__Your task__: Whenever "Slika" appears in a line, please copy that line from the data.

__Data block__:
- - -

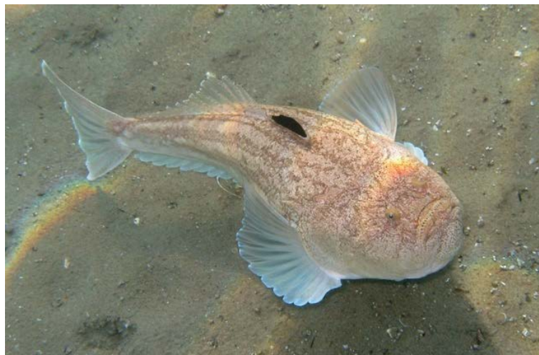
Slika 12. BEŽMEK ( Uranoscopus scaber )

U porodicu paukovki pripada još i bežmek (Slika 12.). Naziva se batovina, čaća, batoglav ili pušac. I on živi na pješčanim dnima, a na škržnim poklopcima ima zavinute bodlje. Međutim, još se uvijek ne može tvrditi da je bežmek otrovan. Neki ljudi navode da su nakon bežmekova uboda osjećali trnce oko rane, laganu bol, a pojavilo se i crvenilo. Drugi tvrde da i nakon jačih uboda nisu, osim mehaničkog oštećenja, osjećali neke posebne simptome. Ako bežmek i jest otrovan, otrov mu je puno slabiji nego otrov ostalih paukovki. Glava mu je velika, kvadratna, odozgo spljoštena, u odnosu na ostatak tijela te prekrivena hrapavim koštanim pločama. Usta su mu okrenuta prema gore. Boje je smedesive, lagano ispjegane, trbuh bijel. Bentoska je vrsta, živi uz samu obalu pa sve do 200 m dubine
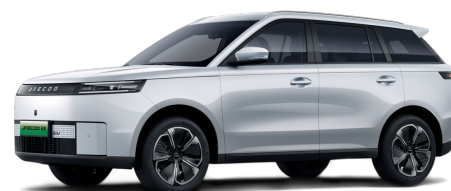
Snowy White 14 000 Kč
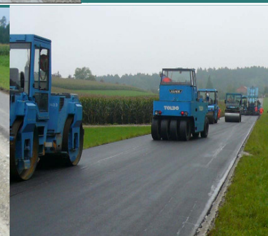
Belagsersatz und Einbauzug

- - -

__Solution to the exercise__:
Slika 12. BEŽMEK ( Uranoscopus scaber )
U porodicu paukovki pripada još i bežmek (Slika 12.). Naziva se batovina, čaća, batoglav ili pušac. I on živi na pješčanim dnima, a na škržnim poklopcima ima zavinute bodlje. Međutim, još se uvijek ne može tvrditi da je bežmek otrovan. Neki ljudi navode da su nakon bežmekova uboda osjećali trnce oko rane, laganu bol, a pojavilo se i crvenilo. Drugi tvrde da i nakon jačih uboda nisu, osim mehaničkog oštećenja, osjećali neke posebne simptome. Ako bežmek i jest otrovan, otrov mu je puno slabiji nego otrov ostalih paukovki. Glava mu je velika, kvadratna, odozgo spljoštena, u odnosu na ostatak tijela te prekrivena hrapavim koštanim pločama. Usta su mu okrenuta prema gore. Boje je smedesive, lagano ispjegane, trbuh bijel. Bentoska je vrsta, živi uz samu obalu pa sve do 200 m dubine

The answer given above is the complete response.